• DATA SECTION:
↓
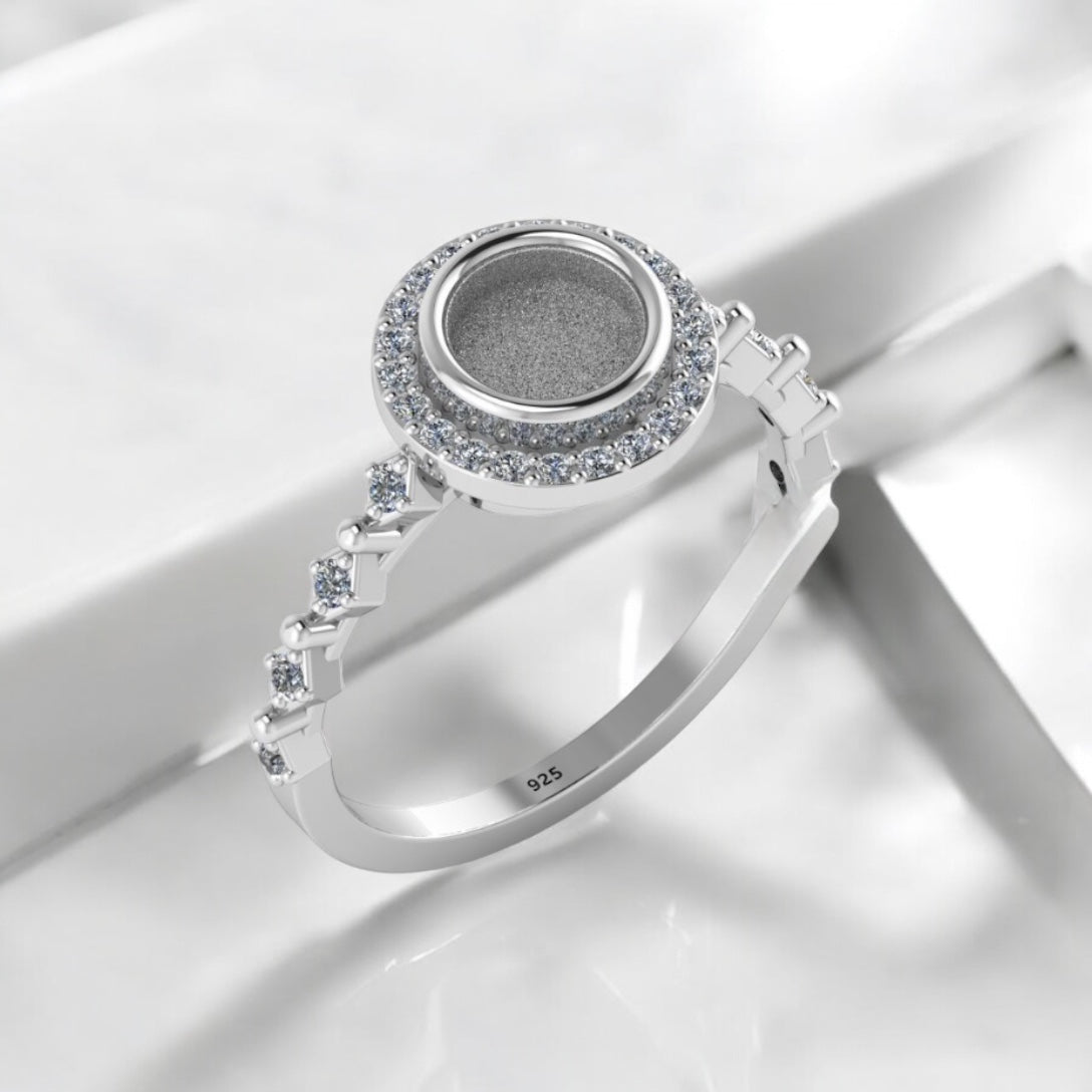 The Carmen Sterling Silver Ring is more than just a beautiful accessory - it's a unique piece of custom jewelry that holds a special meaning. Crafted with care, it can commemorate the memory of a loved one through the custom option of cremation and breastmilk jewelry. Cherish your memories with this heartfelt piece.
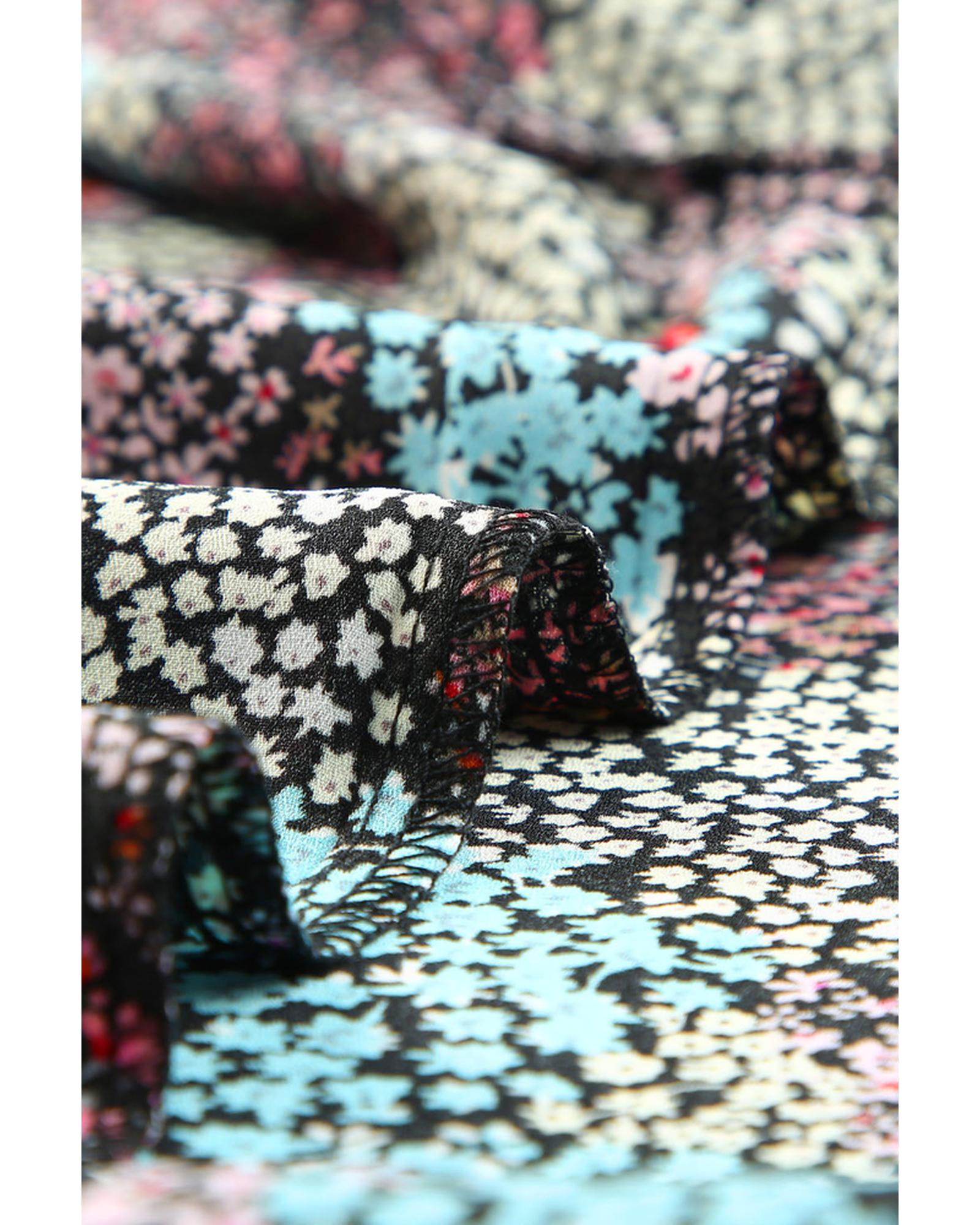 - Vibrant and stylish Multicolor Floral Tie V Neck Puff Sleeve Blouse
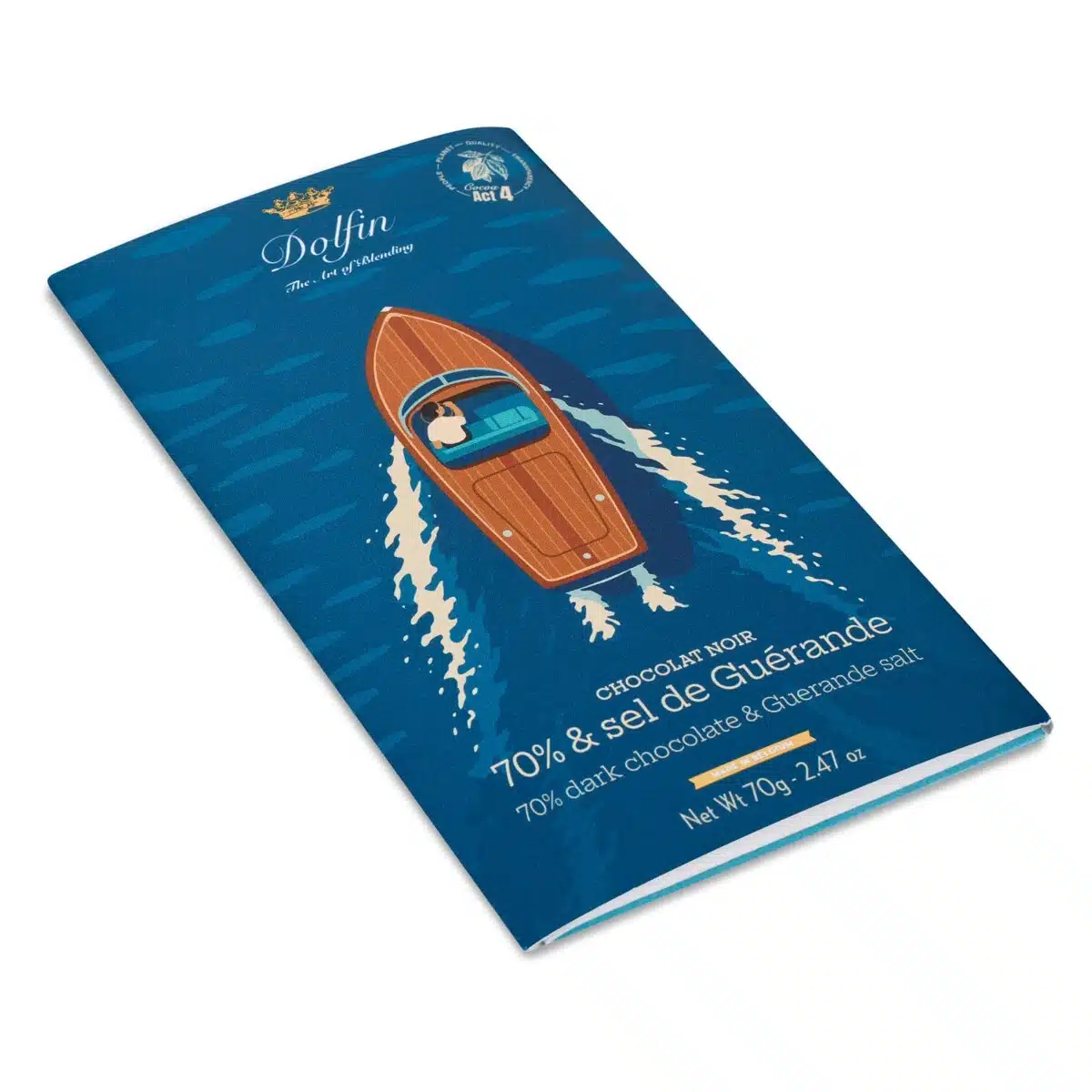 Op open zee snijdt een boot door de golven. Krachtig en verfijnd onthult deze pure chocolade met 70% cacao haar volle diepte, versterkt door de subtiele finesse van Guérande zout. Een tablet met uitgesproken karakter, voor liefhebbers van pure smaken.
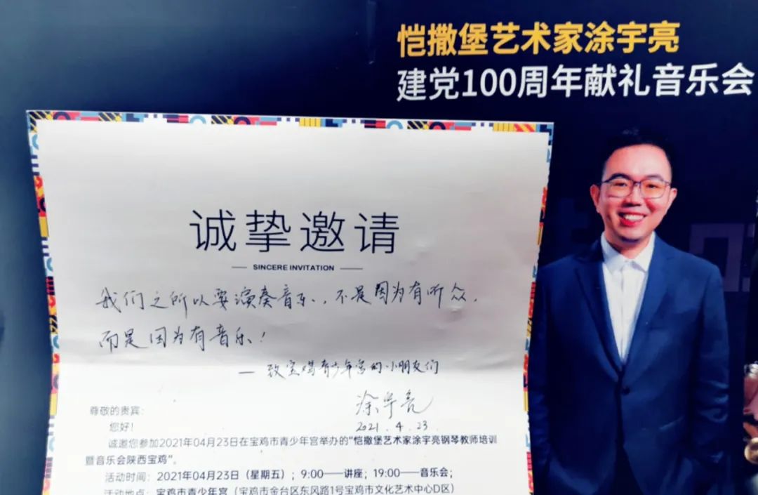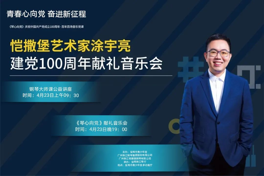为了隆重庆祝中国共产党成立100周年,展现中国共产党百年历程和丰功伟绩,教育引领广大青少年了解党的光辉历程、铭记革命历史民族精神、推动爱国主义教育。宝鸡市青少年宫特邀请星海音乐学院教师、恺撒堡艺术家涂宇亮先生举办 “青春心向党 奋进新征程”建党100周年献礼音乐会
↑
• HOW TO COMPLETE THIS TASK:
Pictures excluded, repeat exactly the lines from the top of the material through the line with "- Vibrant and", including both of those lines.

• WRITTEN SOLUTION:
 The Carmen Sterling Silver Ring is more than just a beautiful accessory - it's a unique piece of custom jewelry that holds a special meaning. Crafted with care, it can commemorate the memory of a loved one through the custom option of cremation and breastmilk jewelry. Cherish your memories with this heartfelt piece.
 - Vibrant and stylish Multicolor Floral Tie V Neck Puff Sleeve Blouse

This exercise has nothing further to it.